Takin’ It Slow

So, Mr. Hard Body is all about “takin’ it slow”. I’ve actually asked him once if we even had “that kind” of attraction. “oh ya, we do” he replied “just takin’ it slow”.

Today I think “Takin’ it slow?? Are we even moving?!” It’s been probably atleast a month and a half and he’s never even tried to kiss me! I think there are a few reasons for this… First, from what he has told me and getting to know him, I think physical touch is meaningful to him and makes him feel very attached, so he doesn’t want to go there until he knows it’s right. Second, I think the whole “taking it slow, making sure things are mutual” thing is just a means of trying to ward off rejection. It’s waiting and waiting until you feel certain that you won’t get rejected, and then making a move.

That’s just a waste of time if you ask me. I say TAKE THE RISK! What’s the worst that can happen? You won’t be completely destroyed. So you encounter a little rejection, so what. Everyone does at some point or another. You won’t be shattered. I guarentee you’ll live to date another day.

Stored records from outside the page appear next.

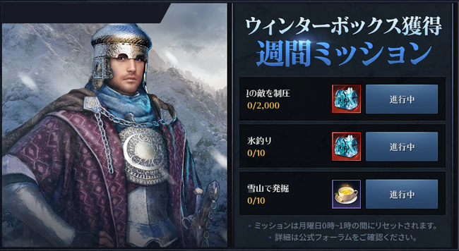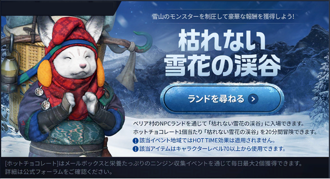 イベント期間中、毎日0:00に「ホットチョコレート」1個がメールボックスへ支給され、アイテムを使用することによりべリア村のNPC「ランド」を通じて「枯れない雪花の渓谷」へ入場することができます。「枯れない雪花の渓谷」にて周辺の敵を制圧すると、豪華アイテムを獲得することができます。詳細は以下URLをご参照ください。
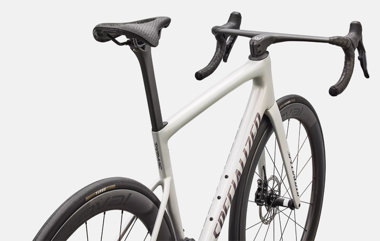 - FRUKTANSVÄRT SNABB, FANTASTISKT BEKVÄM: Med enorma framsteg i förhållandet styvhet-till-vikt – en förbättring med 33 % jämfört med SL7 – tar Tarmac SL8 legendarisk styrning, aggressiv responsivitet och VM-beprövad geometri till nästa nivå. Cykeln är styvare i pedalerna och har större precision i styrningen, kombinerat med en följsamhet i sadeln som sätter en ny standard för racercykelkomfort. Vårt tillvägagångssätt Rider-First Engineering gör att alla cyklister oavsett storlek får samma oöverträffade egenskaper och hanterbarhet. Tarmac SL8 är 6 % mer följsam i sadeln och rör sig över ojämna vägar med en mjuk känsla som är helt unik i racercyklarnas styva värld. Tarmacs välbeprövade geometri och däckfrigång på 32 mm är desamma som på SL7. De gör cykeln mångsidig och öppnar för att köra på bredare däck när det behövs.
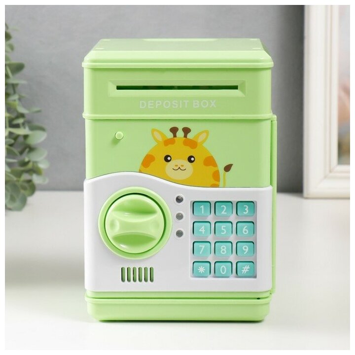 Купить Копилка пластик "Сейф. Жирафик" кодовый замок, звук АА зелёный 13х12х19 см
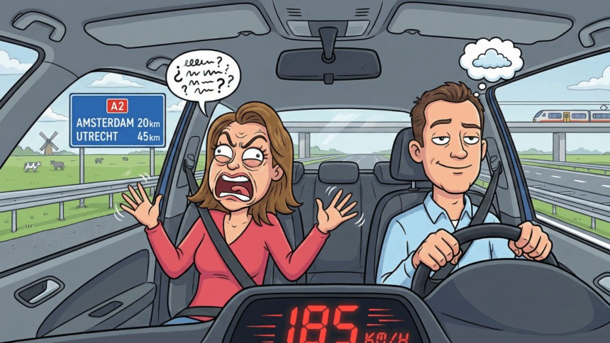 Een getrouwd stel rijdt over de A2 richting Utrecht. De man zit achter het stuur, 120 km/u op de teller.

Think of all you could be missing. Once in a movie (I think) I heard the line “when you find the person you want to spend the rest of your life with, you want the rest of your life to start right away!”

You could be having great laughs, fantastic sex, and loving like crazy.. instead of just treading water. In that situation I’d NEVER choose to tread water. Don’t get me wrong, I don’t want to jump in and have that feeling that I’m “pretending” to be close with someone but don’t actually know them well enough to BE close… but at the same time, why does it have to be so complicated?

In my last relationship, we met… had one date, and then we were together. Just like that, we were in a relationship. He was a couple months out of a relationship where his fiance of 7 years had run off with his best friend but he didn’t let that stop him. Sure, he was afraid of getting hurt again and he said so, but he kept on trucking. He didn’t let the fear control his life. Sometimes I just feel like I’m wasting my time pampering someone’s fragile ego!

Why can’t it just be that simple? When I was young, that’s how it was. Now, I can’t stop hearing the phrases “just dating” and “dating other people” and crap like that. Complicated, complicated. But then again, I see why people do it.

I date other people because it keeps me from getting too attached to the one situation. It also doesn’t sting as bad if one situation doesn’t work out, because you’ve got possibilities with the others. I don’t like it though. It makes me uncomfortable. In fact, tonight I need to write a letter to The Jailer and explain my situation and stuff. He’s been wanting to come out here and visit. See me again, and I told him he could stay at the house.. which is still fine but he needs to know it would be as friends only.

In fact, I’m going to go do that now.